Art |40|Basel – Art Premiere Liz Deschenes & R. H. Quaytman
Liz Deschenes and R.H. Quaytman share a concern with developing a new formalism that emerges from the well- defined parameters of their respective mediums – photography for Deschenes; painting for Quaytman.
For Art 40 Basel, Deschenes and Quaytman developed a dialogue on the topic of ‘mirroring.’ The two artists have experimented with various methodologies that will be brought into convergence by playing upon themes such as reflection, opticality, picturing and contextualization. Using documentary photographs of Liz Deschenes’ current solo exhibition at Miguel Abreu Gallery, R. H. Quaytman will produce a ‘chapter’ of at least ten paintings on wood. Deschenes’ involvement with reflection, neutrality and the negative will be in conversation with Quaytman’s habit of bringing photography materially into painting through contextual/historical reflection. Taken together, both methods expand ideas of the positive and negative of the image as picture, and the image as object. Entitled “Horizontal / Vertical Photographs,” Liz Deschenes’ featured series of works are comprised of silver-toned, photograms that are devoid of imagery or immediately recognizable content. The resulting look and function similarly to mirrors. Their gleaming surfaces remind us of the daguerreotype process by which early photographers produced single positive pictures onto copper plate coated with silver. Daguerreotypes are often referred to as ‘mirrors with a memory.’ Each one of Deschenes’ photograms evokes the uniqueness of daguerreotypes – the silver reflectivity and the mercurial viewing experience. In the moment of reception, the viewer activates the work, and becomes an integral part of a temporal and unrecorded representation. Quaytman’s silk-screened paintings on wood, which are grouped into chapters, often use photographs of particular exhibition spaces in an effort to both document the incident that generated the painting and activate a mirroring experience with the viewer. After a specific exhibition moment has elapsed the resulting painting serves as an archive of a particular exhibition history. The chapters function as pictures of the painting’s container. Quaytman has consistently photographed the work of other artists and has, at times, further manipulated that work to generate paintings. For Art Basel she proposes to bring both these strains together. For Quaytman, Deschenes is a perfect subject: a friend and fellow artist whose work and thought incites parallels and symmetries.

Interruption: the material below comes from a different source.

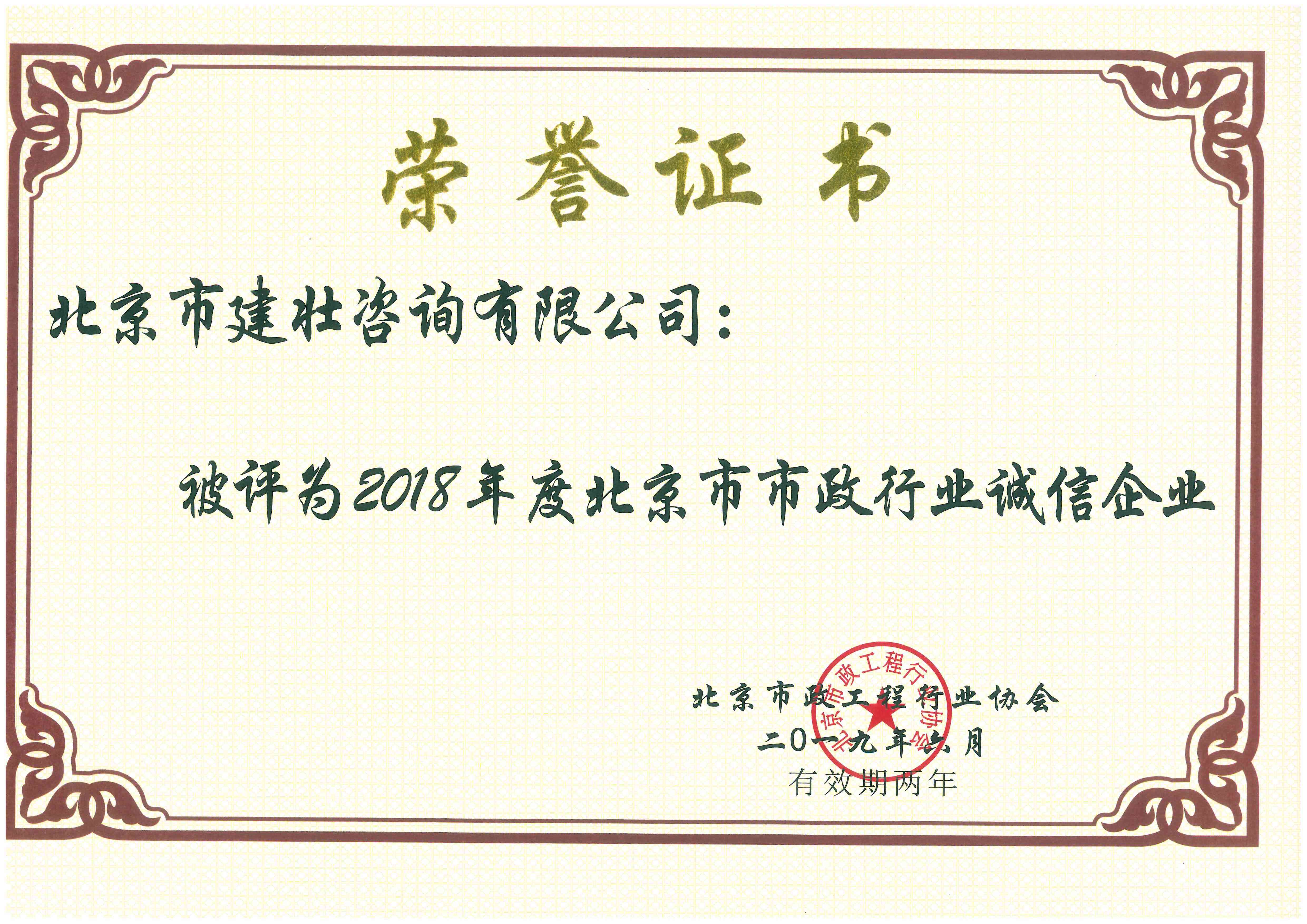 2019年6月6日,北京市政行业工程协会举办了2019年北京悟空体育官网入口 行业协会会员大会,会上对2018年市政行业诚信企业获奖单位进行了颁奖仪式。我司荣获2018年市政行业诚信企业。

Liz Deschenes’ work is currently on view in the ‘Modern Wing Inaugural Installation of Contemporary Photograph,’ curated by Matthew Witkovski, at The Art Institute of Chicago. She was recently included in ‘Color Chart’ at the Museum of Modern Art, New York and was featured in the exhibition ‘Photography on Photography: Reflections on the Medium since 1960’ at the Metropolitan Museum of Art. She has had a solo exhibition at Sutton Lane, London, and participated in group shows at Luhring Augustine Gallery, New York and Sutton Lane, Paris. She teaches at Bennington College, and is a visiting artist at Columbia University, School of Visual Arts. Her work was recently featured in ‘Blind Spot’#36 and is in the permanent collections of the Whitney Museum of American Art, The Metropolitan Museum of Art, The Art Institute of Chicago, the Hirshhorn Museum and Sculpture Garden, and the CCS Bard Hessel Museum in Annandale-on-Hudson, New York.
R. H. Quaytman is a painter living in New York City. Between 2005-2008, she acted as the director of Orchard, a collaborative artist run gallery in New York’s Lower East Side reconciling the divergent narratives of movements such as Institutional Critique, Kontext Kunst, and Latin American vanguard practices of the sixties and seventies. Since 2006, she has been on the faculty of the Milton Avery Graduate School of the Arts, Bard College MFA Program. She received her BA from Bard College after which she attended postgraduate programs in painting at the National College of Art and Design in Dublin, Ireland and the Ecole des Hautes Etudes en Arts Plastiques in Paris. She was a recipient of the Rome Prize Fellowship at the American Academy in Rome. She has had solo exhibitions at Spencer Brownstone Gallery, New York, Galerie Edward Mitterrand, Geneva, and China Art Objects, Los Angeles. In December 2008, she had her first solo exhibition at Miguel Abreu Gallery. This coming fall, she will have a one-person show at the ICA – Boston.